Перед великим мудрецом РОССИИ пробуждался весенний сад. Вздрагивая крупным телом, повторял он как бы в забытьи:
— Жаль… очень жаль… не все успел…
Прощаясь, он просил не забывать о Леонарде Эйлере:
— На русских хлебах вырос, а в Берлине сейчас, ежели слухам верить, ему живется несладко: король-то прусский — сквалыга!
Орлов отъехал ко двору — исполнять свои «функции».
Любитель чистых муз, защитник их трудов, О взором, бодростью и мужеством Орлов!
В крещенские морозы фаворит заливал бомбы водою, выбрасывал их на улицы и радовался, как ребенок, когда ночью они громко взрывались. Он перепортил шелковые обои в спальне Екатерины, пытаясь извлечь из них электрические искры. Наконец, громадный запас электричества он обнаружил в самой Екатерине — голубые искры сыпались из ее волос, когда она расчесывала их в темноте, а между простынями ее постели слышалось легкое потрескивание. Екатерина сделала его генерал-фельдцейхмейстером и теперь не ведала покоя, когда Орлов на полигонах испытывал орудия. Он закладывал в них столько пороха, что пушки разносило в куски, прислугу калечило и убивало, а с него — как с гуся вода.

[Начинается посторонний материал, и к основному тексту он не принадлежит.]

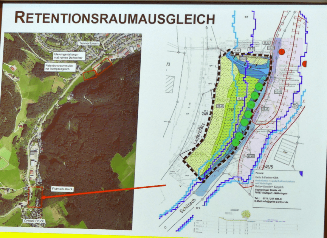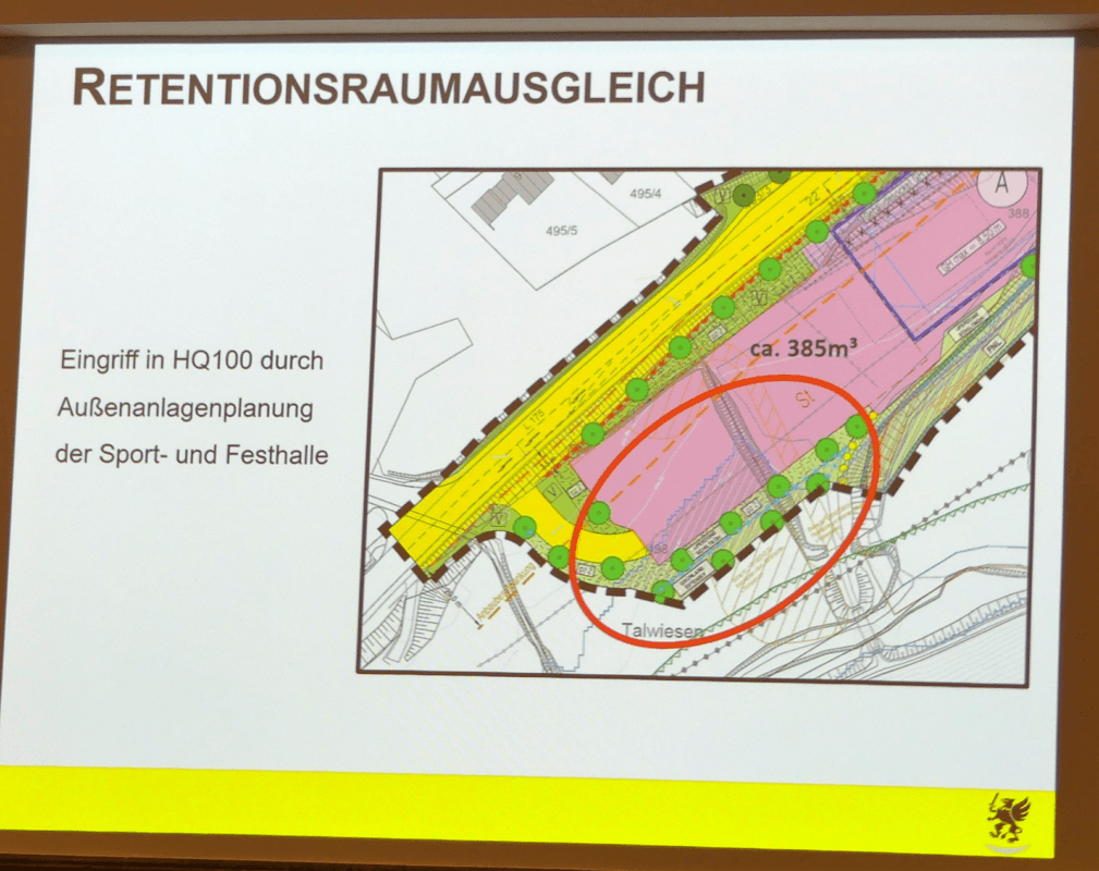 Ausführlich ging Joos auf das Hochwasserproblem ein. Ein Stück des geplanten Parkplatzes, nicht aber die Halle selbst befinde sich im HQ 100 Gebiet. Das heißt, ein statistisch alle hundert Jahre zu erwartendes Hochwasser könnte dieses Gebiet überfluten. Mit zwei Ausgleichsflächen ober- und unterhalb der Halle soll die Gefahr weiter reduziert werden.“ Das Wasser wird zurückgehalten“, so Joos.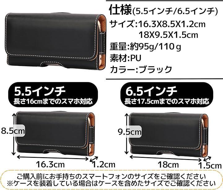 「仕様」サイズ:16.3X8.5X1.2cm / 18X9.5X1.5cm、重量:約95g、素材:PU、カラー:ブラック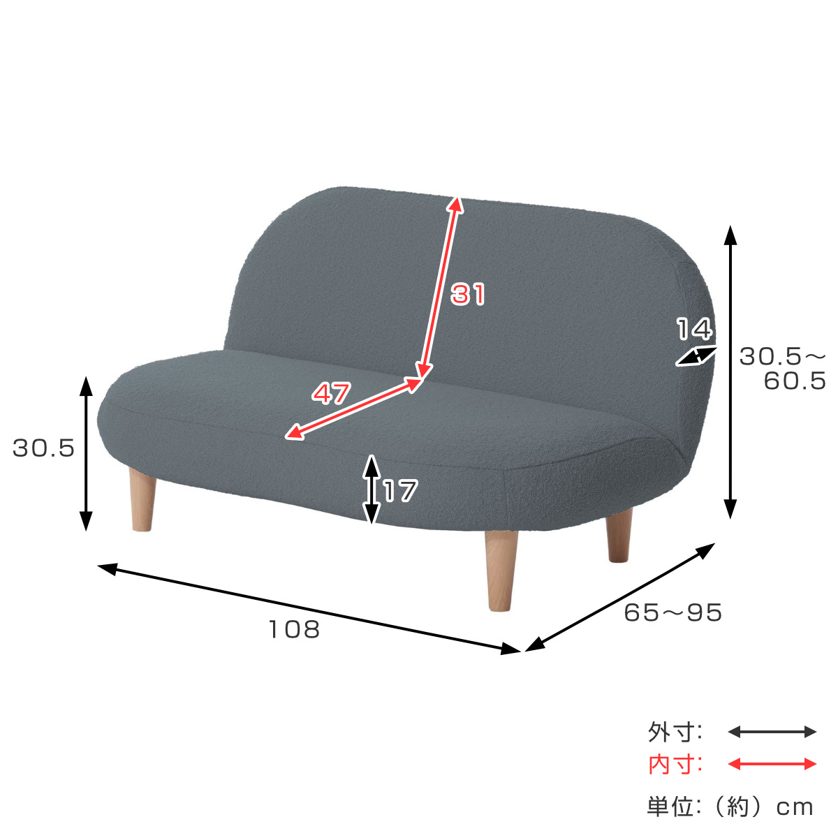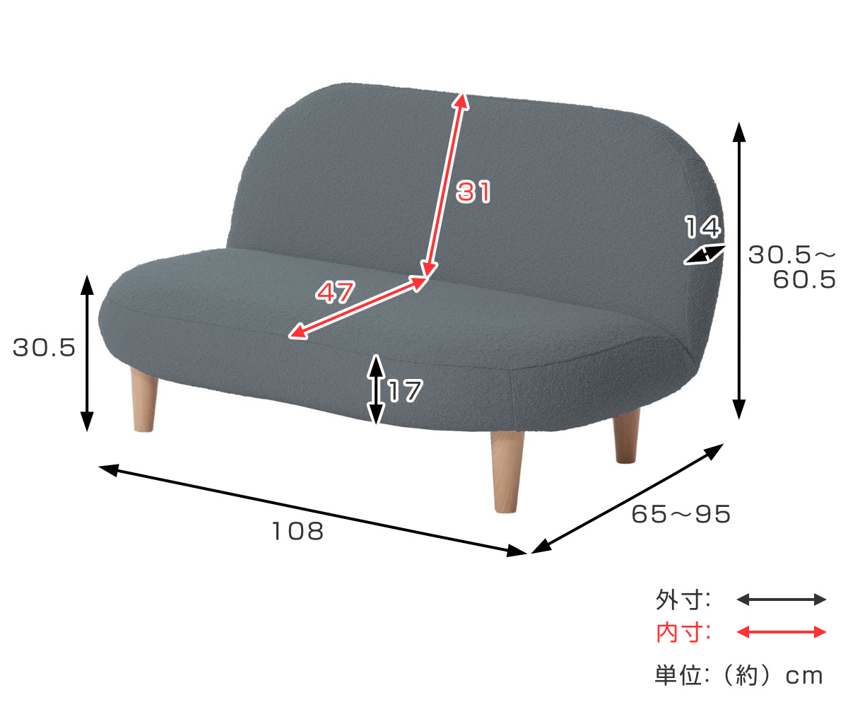| サイズ | 座面高:約 30.5(cm) 約 幅108×奥行65~95×高さ30.5~60.5(cm) |

— Неутомимый лентяй, — точно определила Екатерина.
Своей подруге Прасковье Брюс она признавалась, что по-женски глубоко несчастна и здоровая красота Орлова ее не тешит, ибо этой красотой пользуется слишком много других женщин.

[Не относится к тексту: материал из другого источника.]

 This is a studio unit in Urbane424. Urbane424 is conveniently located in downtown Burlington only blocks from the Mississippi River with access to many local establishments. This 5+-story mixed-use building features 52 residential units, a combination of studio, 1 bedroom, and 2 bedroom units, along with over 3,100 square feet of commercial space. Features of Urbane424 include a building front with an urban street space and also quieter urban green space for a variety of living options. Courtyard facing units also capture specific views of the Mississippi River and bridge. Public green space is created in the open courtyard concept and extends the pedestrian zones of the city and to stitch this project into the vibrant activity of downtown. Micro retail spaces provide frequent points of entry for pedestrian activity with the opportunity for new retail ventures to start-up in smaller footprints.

— Он дарит мне бриллианты, а почему бы и не дарить, если некуда деньги тратить? Мне бы хоть кто травинку сорвал, но от души. Не любви даже прошу — внимания. Самого простого…
Она спросила Панина, как он относится к многоженству.
— Ваше величество, я только затем и остался холостяком, чтобы окружать себя множеством разных женщин.
— Спросила не смеха ради! Наши миссионеры крестят иноверцев в православие, которое единоженство приемлет. Мусульман же, я думаю, не надобно и крестить, ибо Аллах многоженство одобряет, и нам, русским, с того немалая прибыль в населении будет.
Разговор этот неспроста. Еще в пору наивной младости Екатерина писала: «Мы нуждаемся в населении. Заставьте, если возможно, кишмя кишить народ в наших пространных пустынях». XVIII век породил идею об умножении населения. Об этом сочиняли трактаты, дискутировали в салонах, философы-энциклопедисты усматривали в людской многочисленности избыток довольства, основу развития торговли и финансов. Даже войны зачастую велись не столько ради обретения новых земель, сколько из-за людей, живших на захваченных землях… Екатерина мыслила в духе своего времени:
— Надо бы на черноземы наши безлюдные приманить несчастных из Европы, пусть едут и селятся за Волгою…
Но однажды, возвратясь от Ломоносова, Орлов застал Екатерину в угнетенном состоянии и спросил — что, опять Польша?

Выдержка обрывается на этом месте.